As the Miskitu nation, we were forced to bring our case to the Inter American Court to compel the government to end the takeover of our homes, land, and lives by the colonos. But the situation is getting worse. Said in the report, a community leader, whose identity have being protected.

By examining how past “development” schemes, resettlement of ex-combatants, and business friendly policies advanced by successive governments have exploited the Caribbean Coast’s lands, the report provides in-depth analysis and historical context to the current situation.
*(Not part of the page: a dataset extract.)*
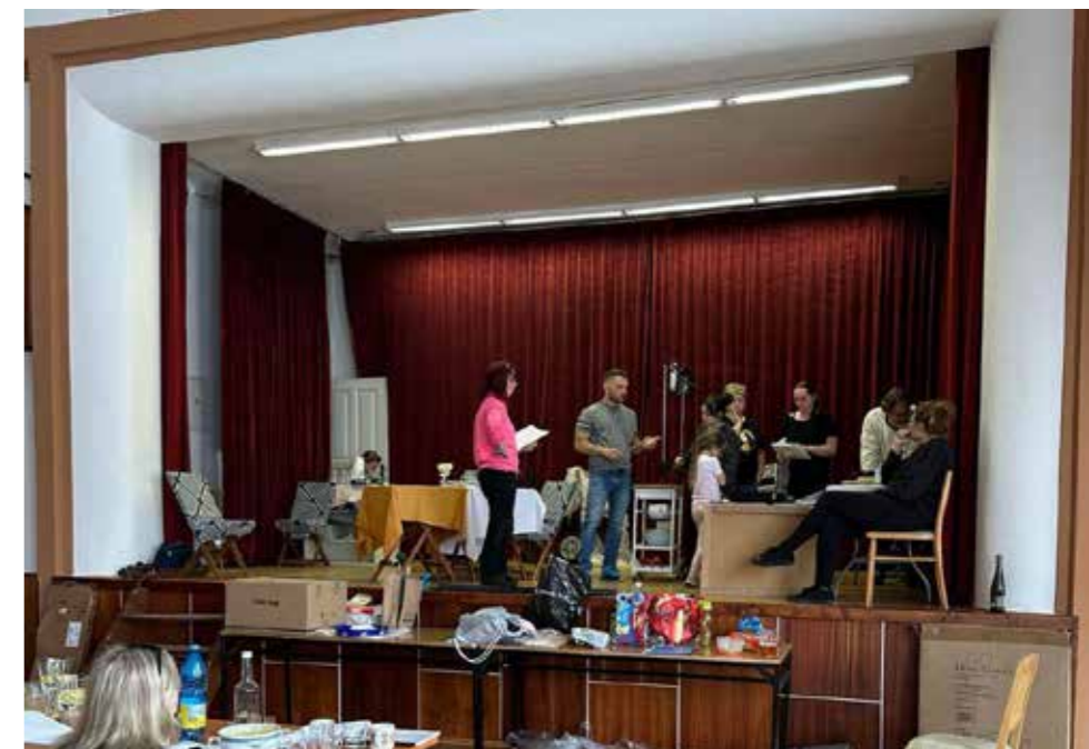
Zkouška Ostrožsko Lhotského divadla.

Za Ostrožsko-Lhotské divadlo Eva Zajícová

It also details how the Indigenous have turned to the Inter-American Court for Human Rights because of the long denial of the legal protections afforded to them by law and how its binding resolutions have been largely ignored to date.

“Nicaragua is seen as exemplary in granting land rights to Indigenous communities through legal protections, such as the Law 28 (Statute of Autonomy) and Law 445,” said Mittal. “The government has failed to enforce these laws, and instead colludes with business interests and plays an active role in the colonization of the protected lands by outsiders,” the author of the report added. 

The report also exposes how government officials are complicit in land invasions through direct involvement in illegal land sales and the formation of parallel governing bodies to circumvent Indigenous autonomy. 

“Whereas widespread human rights suppression in Nicaragua has garnered international attention in recent years, violence faced by the Indigenous and the impunity granted to settlers by the national police and the government has gone largely ignored—until now,” said Anuradha Mittal.